Tariffs on medical devices are part of larger trade policies with wider effects. Some policies, like those under the Trump administration’s “America First” plan, aimed to protect U.S. manufacturing jobs. But they often made costs higher for American buyers and makers. For example, the Minneapolis Speaker Company had a 25% rise in steel and aluminum costs because of tariffs, which led to moving some production out of the U.S.
North American supply chains, important for medical device making, have also been hurt by tariffs on products from Mexico and Canada. These supply chains support a $2 trillion regional economy and help compete with major markets like the European Union and China.
Experts warn that continuing tariffs might weaken U.S. competitiveness by pushing companies to move jobs and production overseas. Retaliatory tariffs from Mexico and Canada could raise costs more for American hospitals and patients.
Tariffs significantly increase costs for manufacturers and healthcare providers, which can lead to higher healthcare expenditures and potentially inflate prices for patients. The interconnected nature of the health technology sector means that tariffs on medical devices can impact a broad range of related sectors.
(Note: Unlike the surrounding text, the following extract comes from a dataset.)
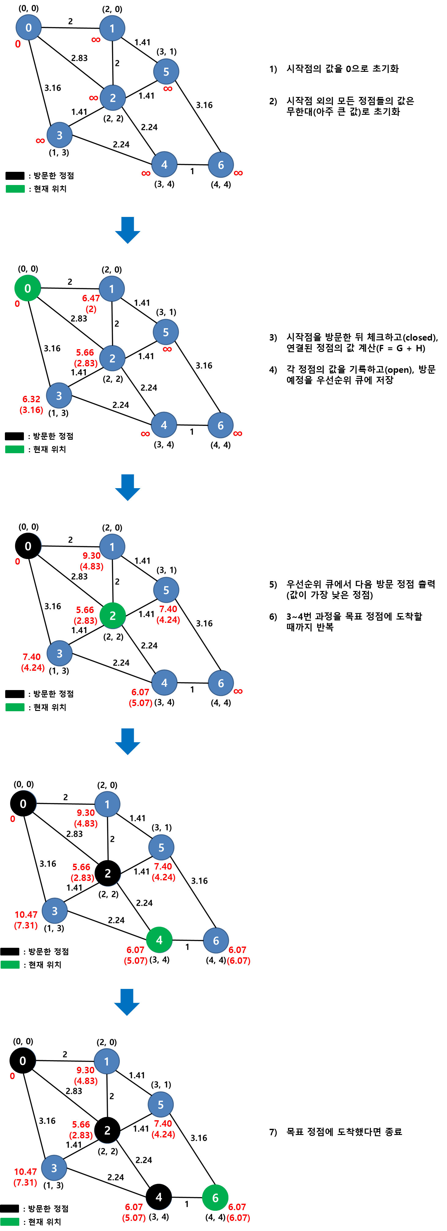 다음은 그림1의 그래프의 0번에서 출발하여 6번 정점까지 가는 경로를 A* 알고리즘으로 구하는 과정을 도식화한 것입니다.
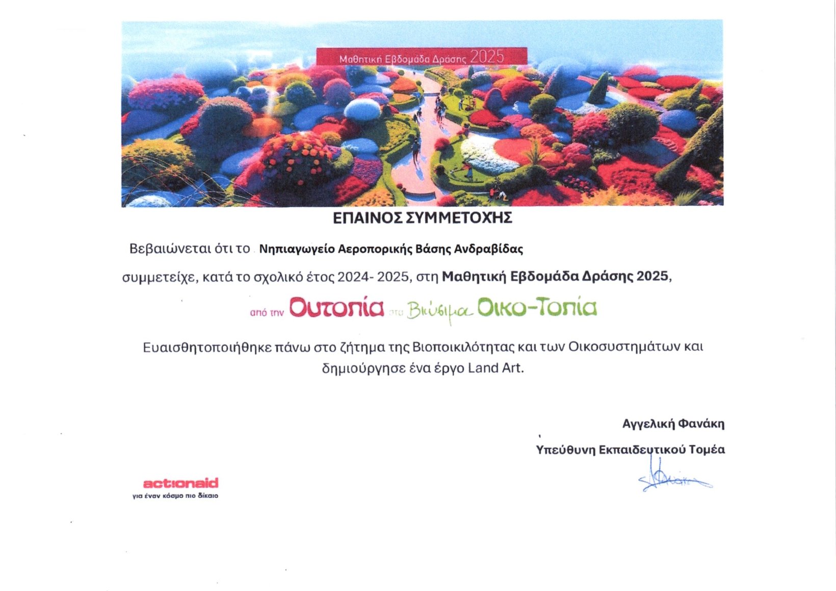 Στα πλαίσια του 2ου θεματικού κύκλου των εργαστηρίων δεξιοτήτων ” Φροντίζω το περιβάλλον” με τίτλο “τα θροΐσματα του δάσους” η σχολική μας μονάδα έλαβε μέρος στην 21η ετήσια μαθητική εβδομάδα Δράσης 2025.της Action Aid.

Tariffs can divert essential funds from research and development, stifling innovation. Increased manufacturing costs may lead companies to postpone or reduce R&D efforts, resulting in delays in the introduction of new medical technologies.
Tariffs lead to increased costs for raw materials and components, resulting in a financial strain on healthcare providers. Many healthcare systems report anticipating significant cost increases, which can affect operational budgets and care quality.
Tariffs create barriers in the intricately linked global supply chains necessary for sourcing medical devices and components. This can lead to delays in procurement, shortages, and overall supply chain instability.
Higher costs due to tariffs may result in increased out-of-pocket expenses for patients, limiting access to essential medical devices and delaying necessary care, particularly affecting underserved communities.
Approximately 69% of medical devices marketed in the U.S. are manufactured entirely outside the country, making the sector highly susceptible to the impacts of tariffs on imported components.
Tariffs could discourage manufacturers from investing in domestic production due to increased costs and market instability, leading to reduced competitiveness in the global market and potential job losses.
A significant percentage of healthcare administrators indicate plans to delay essential equipment upgrades due to increased costs. This may lead to a reduction in the quality of patient care.
CTeL advocates for the exemption of health technology from tariffs, believing that tariffs threaten innovation and patient access. They actively engage with policymakers to address these concerns.
Past advocacy efforts, such as those by the American Farm Bureau Federation, successfully secured tariff exemptions for vital sectors. These precedents demonstrate that coordinated industry action can lead to positive policy changes.